▶ _Assignment_: Pictures must not appear; the answer is exactly the lines from the one that holds "Material und VerarbeitungDas" through the end of the material.

▶ _Source data_:
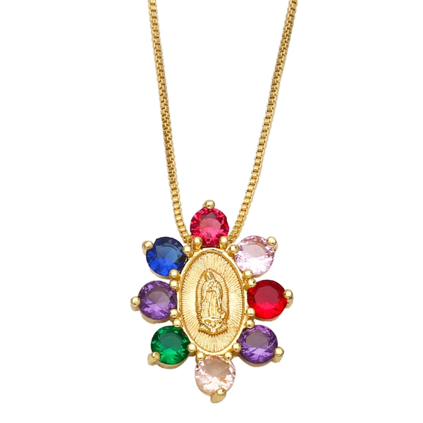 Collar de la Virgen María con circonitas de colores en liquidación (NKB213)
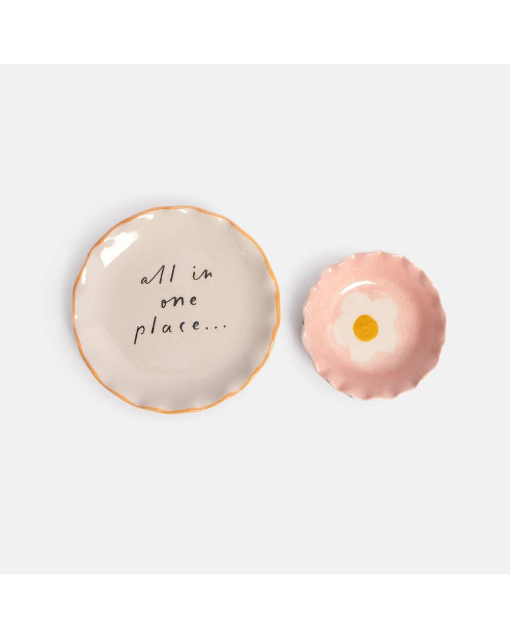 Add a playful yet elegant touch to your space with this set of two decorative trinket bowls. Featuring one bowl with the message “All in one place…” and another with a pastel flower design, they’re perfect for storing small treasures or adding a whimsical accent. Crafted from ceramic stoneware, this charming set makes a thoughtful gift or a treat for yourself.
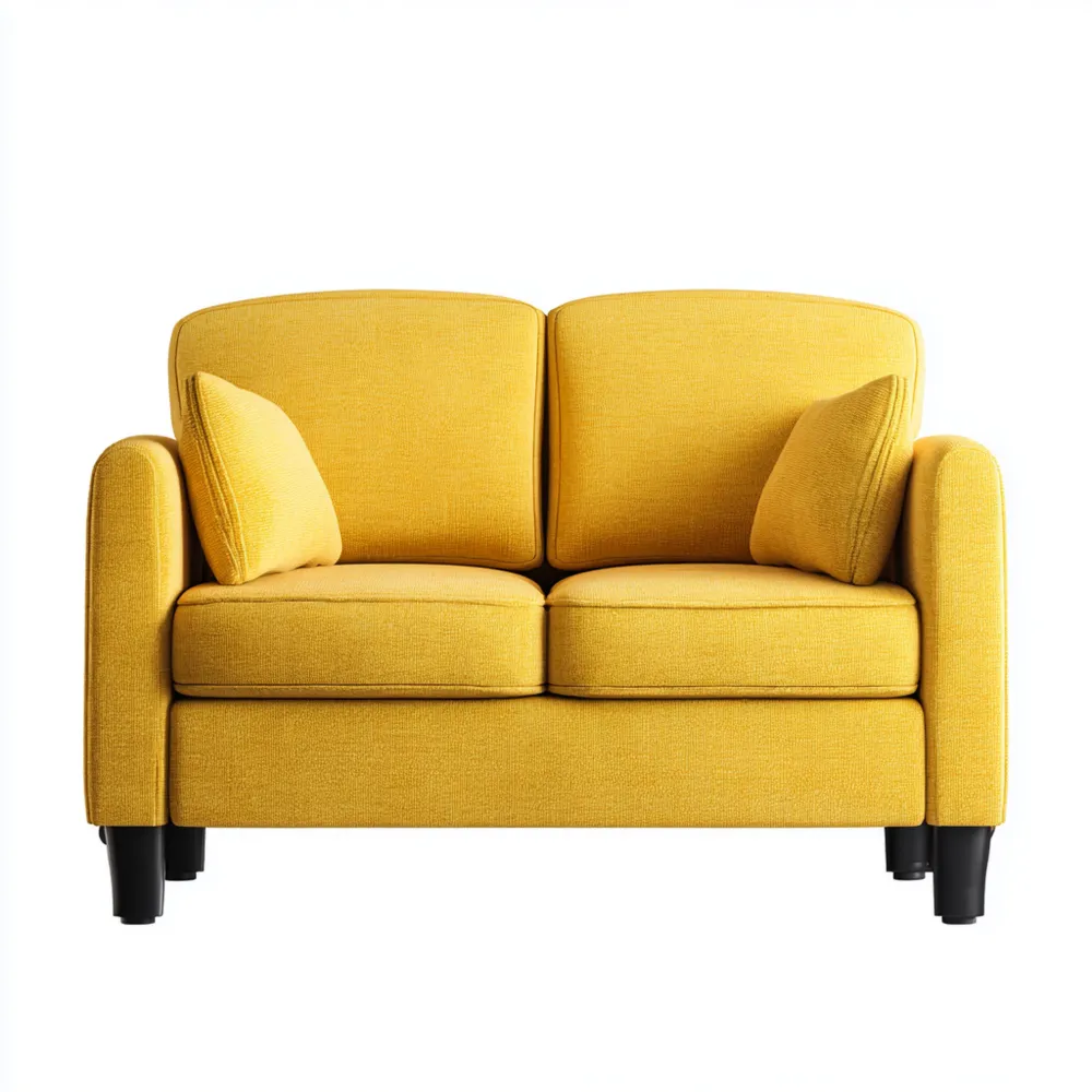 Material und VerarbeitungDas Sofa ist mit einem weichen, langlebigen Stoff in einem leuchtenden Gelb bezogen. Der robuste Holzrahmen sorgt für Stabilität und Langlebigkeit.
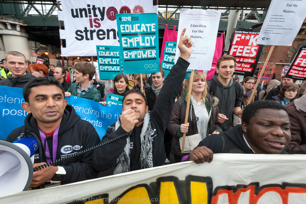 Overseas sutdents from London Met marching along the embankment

▶ _Answer section_:
 Material und VerarbeitungDas Sofa ist mit einem weichen, langlebigen Stoff in einem leuchtenden Gelb bezogen. Der robuste Holzrahmen sorgt für Stabilität und Langlebigkeit.
 Overseas sutdents from London Met marching along the embankment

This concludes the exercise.